As some of you may know, i love many other fish besides bettas. Eight now, I have 5 Danios, 2 Neon Tetas, 1 Platy, 9 Platy Babies, 1 Bistlenosed Pleco, and 1 Pond Snail. As soon as I have a QT tank, I'll be getting moe Neons. I also have a new 29 gallon im setting up, with all the options of new fish  Thanks for eading!


----------



## CrowntailTwitchy57 (Jun 25, 2011)

I used to have an angel fish, but it killed itself (wedged in a castle. Yeah, don't ask... :/) and i used to have african dwarf frogs and zebra dainos. Those are fun.


----------



## Sakura8 (May 12, 2011)

JimJam, I never get tired of your many stocking ideas. I have a lot of fun talking fish with you.


----------



## abdullah79 (Dec 16, 2011)

*Blackberry, Goldfish and Guppies are my favorite*

i have many fishes in my aquarium but i like Blackberry, Goldfish and Guppies because these are my favorite.


----------



## Sakura8 (May 12, 2011)

What is a blackberry?


----------



## diablo13 (Jul 1, 2011)

I like Blackberry Phones *shrugs* stocking plan ees decided, going to LFS today, if I can afford(ead: if my dad beings his wallet) I'll get some gravel and driftwood and stuff.

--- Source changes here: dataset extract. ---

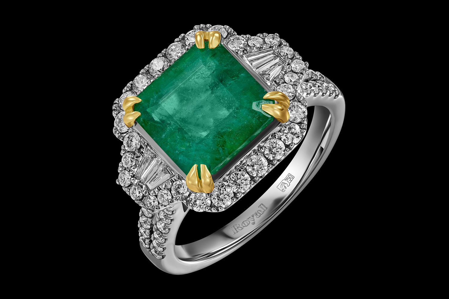 В «королевских» украшениях – это, как правило, кольца – дизайнеры марки делают ставку на классический дизайн и высокое качество драгоценных самоцветов: изумрудов, рубинов, сапфиров, танзанитов. Центральный элемент композиции Royal богато обрамлен бриллиантами разных огранок, инкрустирована бриллиантами и шинка кольца.

Already have java fens a plenty, i might get some Cypts or something.


----------



## dramaqueen (Jul 7, 2008)

Can't hardly read your spelling.


----------



## MaisyDawgThirteen (Dec 7, 2011)

Diablo - I think that 1 pond snail of yours will turn into 700. lol


----------



## Sakura8 (May 12, 2011)

Mine sure are trying to reach that number. Got at least 5 now.


----------



## MaisyDawgThirteen (Dec 7, 2011)

That is why I have nerite snails. lol Eggs won't hatch unless they are in brackish water.


----------



## Sakura8 (May 12, 2011)

Yup. Love my little tiger nerite.


----------



## MaisyDawgThirteen (Dec 7, 2011)

Sakura8 said:


> Yup. Love my little tiger nerite.


I have an onion one (or ruby). I love their little tongues licking the glass!


----------